Miguel Cabrera has been playing hurt for quite some time, and for a lot of that time it didn’t seem to be significantly affecting his performance at the plate. However, it has become impossible to deny that Cabrera’s injuries are negatively affecting him now. In 23 games played since the start of September, Cabrera has only 2 extra-base hits for a slugging percentage that would look low on Ramon Santiago. If you extrapolated his (regular season) September production over a whole season (just multiplying by 7, since that would give you 147 games played – almost exactly as many as he actually has this season) Cabrera would have only 7 home runs and 49 RBI.
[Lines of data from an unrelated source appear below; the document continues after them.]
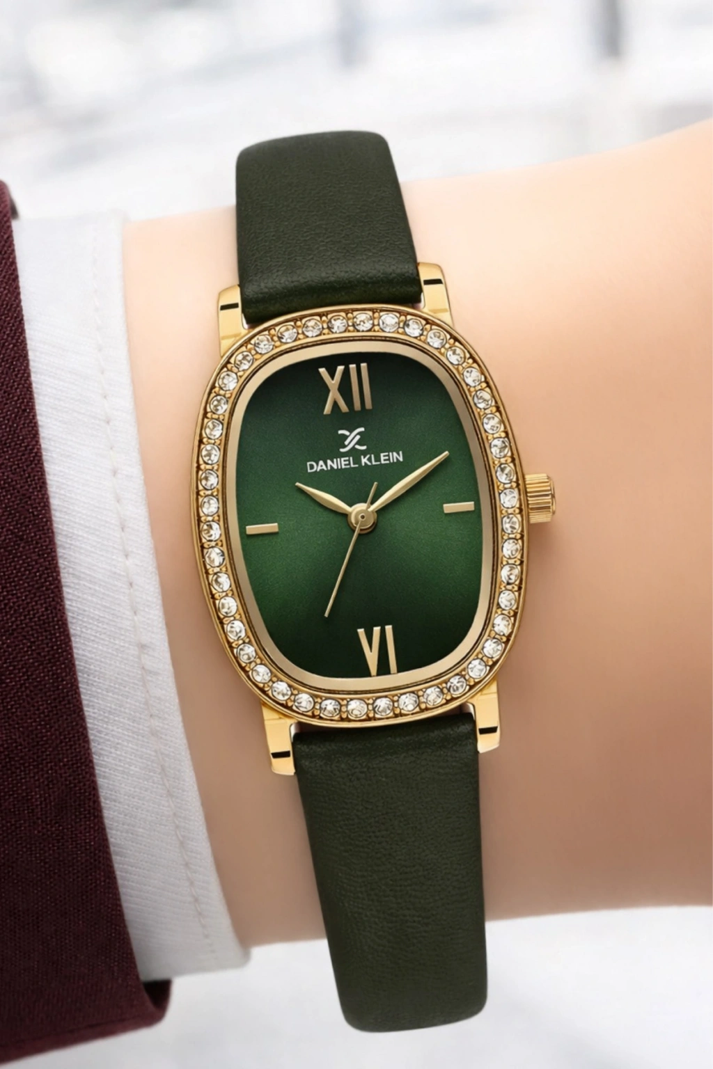 Daniel Klein SDDK112 Kadın Kol Saati – Zarif Taşlı Oval Kasa, Şık Deri Kordon | sdsaat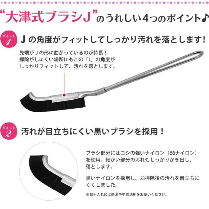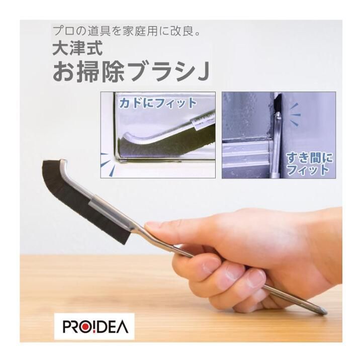 商品概要 PROIDEA 大津式 お掃除ブラシ J ― 隙間・角に届く「Jの字」型の掃除ブラシです。歯ブラシでは届きにくい箇所を、ステンレス持ち手とナイロン毛でしっかり掃除できます。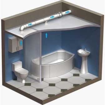 Перед монтажом необходимо составить схему разводки воздуховодов и приобрести все необходимые элементы системы- Вентилятор является основным составляющим системы и может быть встроен в стену или потолок, а также в короб воздуховода. В воздуховод прибор встраивается обычно в случае планируемого монтажа сложной вентиляционной системы. Например, если ванная и туалет разделены (или даже разнесены) между собой, то в каждом из помещений можно будет устроить собственное вентиляционное отверстие, от которого отводятся короба или трубы, подключенные затем к единому воздуховоду, оснащенному канальным или радиальным крышным вентилятором.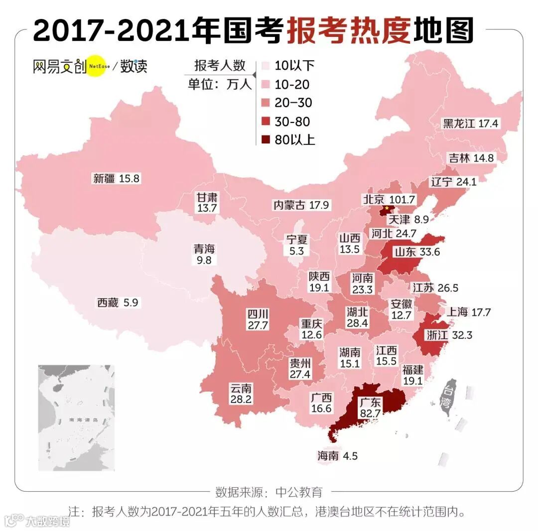 根据网易文创的数据显示,广东省的国考报考热度远远超过了山东,南方的浙江、湖北、云南、贵州的报考热度也超过了北方许多地区。
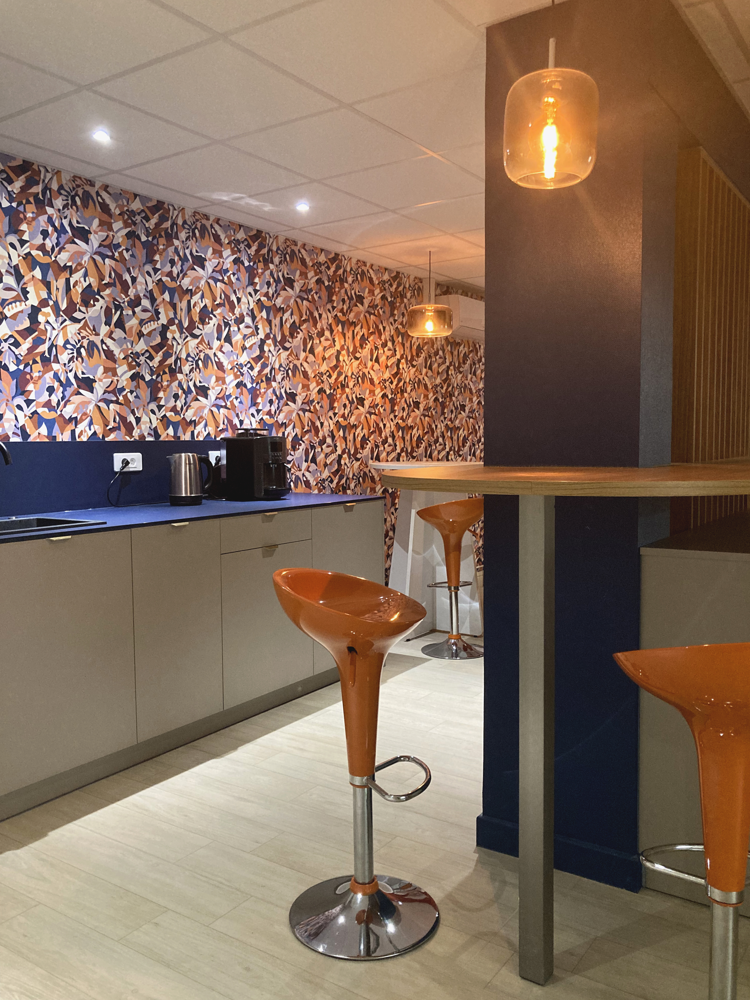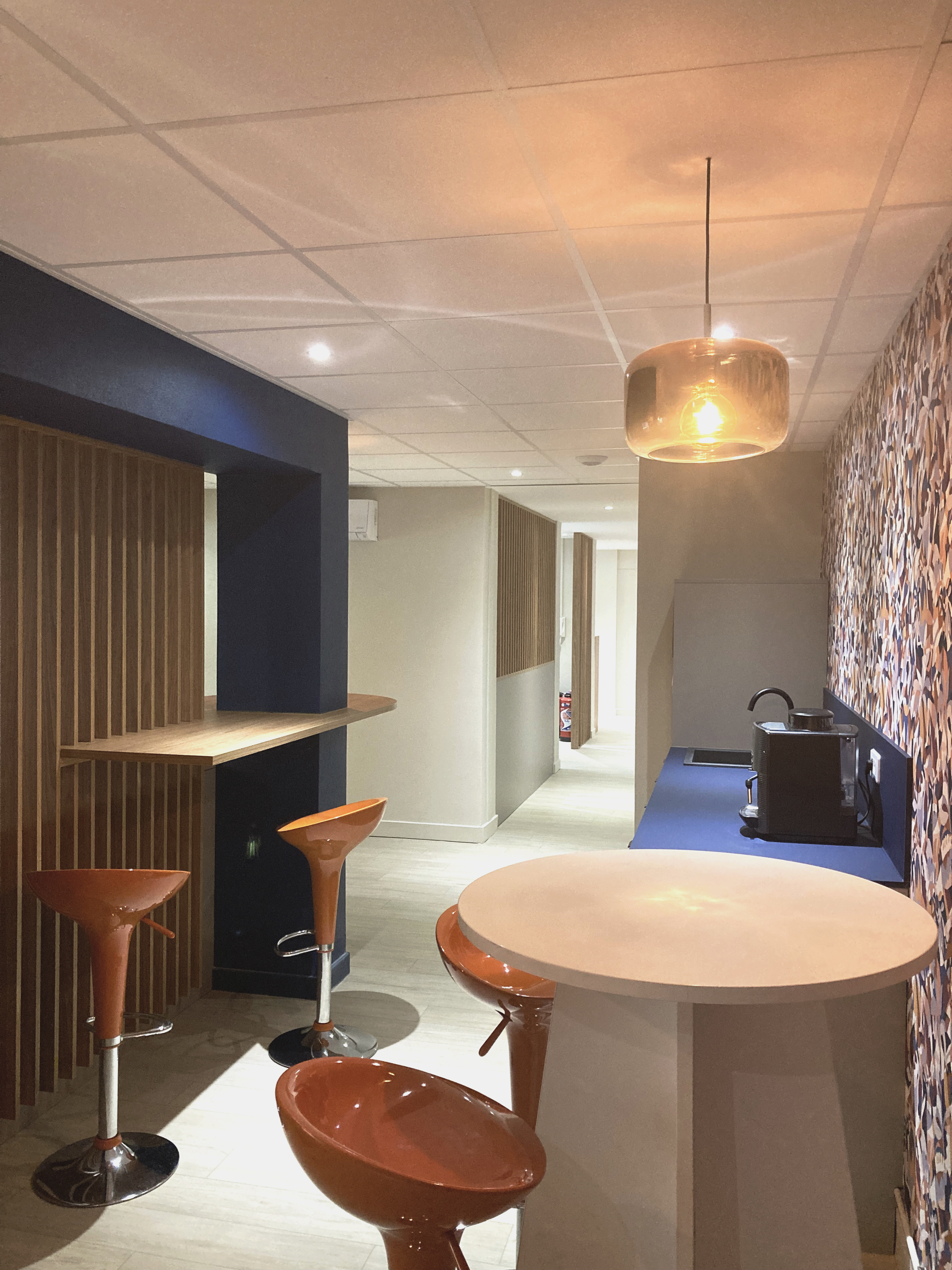 Nous avons redistribué les circulations existantes très linéaires pour ouvrir les volumes et créer des espaces de convivialité au coeur des espaces de travail tout en préservant l’intimité des postes. Répartis sur deux niveaux, les espaces d’accueil, de bureaux, de réunions et de pauses offrent un équilibre parfait entre travail et détente. Par les couleurs et les matériaux, nous avons créé une ambiance dynamique favorisant un cadre de travail harmonieux et inspirant.

Oct 5, 2013; Oakland, CA, USA; Detroit Tigers third baseman Miguel Cabrera (24) removes his batting gear alongside home plate umpire CB Bucknor (54) after striking out against the Oakland Athletics during the third inning in game two of the American League divisional series playoff baseball game at O.co Coliseum. Mandatory Credit: Kelley L Cox-USA TODAY Sports
The way that Miguel Cabrera has been providing value, and he HAS been providing some value at the plate over this span in spite of it all, is through selectivity. Cabrera walked 13 times in September, which is what generated an OBP near .400 and a positive WPA in spite of the lack of power. However, if in early September opposing managers were unaware of Cabrera’s power outage that is certainly no longer the case in the ALDS. Cabrera hasn’t walked yet in the ALDS and A’s pitchers don’t seem too intimidated by him. It’s also important to bear in mind that Cabrera’s aches and pains affect his hitting much less than they affect his defense or his baserunning. Miggy isn’t going to get any infield hits and he’s going to save infielders from errors, he isn’t going to be able to make it to second base on a drive to the gap, he isn’t going to be able to make it from first to third on a single and he isn’t going to be able to make it home on a sac fly – things that even he (or Prince Fielder) would be able to do under normal circumstances. His defense was never a strong suit, but he is now virtually stationary at third base and this will cost the Tigers runs if it hasn’t already.
The question that has been posed is whether the Tigers would be better off DHing Cabrera. I think this is the wrong question – Victor Martinez is a more productive hitter at the moment and Alex Avila might be as well. Cabrera is definitely a liability in the field, but he isn’t able to do enough at the plate right now to compensate. Were he unable to play in the field and unable to run the basepaths but able to hit for power, then we would want to keep his bat in the lineup no matter what. If his only remaining tool at the plate is on-base-percentage, this is something that his inability to run interferes with. The right question is whether the Tigers would be better off with Don Kelly at third and Miguel Cabrera on the bench. Even now, Cabrera IS a better hitter than Don Kelly and far, far more likely to get on base. Unfortunately he also has less power than Don Kelly and less ability to score once on base. But the offense isn’t the point – though I would argue that if you combine legs and bat Kelly would be no less valuable of a package than Cabrera as a DH at the moment. The defense is the point… Cabrera is a -10 run defender when he’s healthy. He’s far worse than that now. Don Kelly is at least a +10 defender at third (we’ll leave Ramon Santiago out of this, his reflexes and quick feet help in the middle infield but he doesn’t have the reach for third base) maybe better. The Tigers are stuck, for better or worse, needing to win pitchers duel after pitchers duel to advance. At the moment the best way to do this looks like starting Don Kelly at third and giving Miguel Cabrera a single, solitary pinch-hit at bat every night (before being pulled for Hernan Perez if he makes it to first).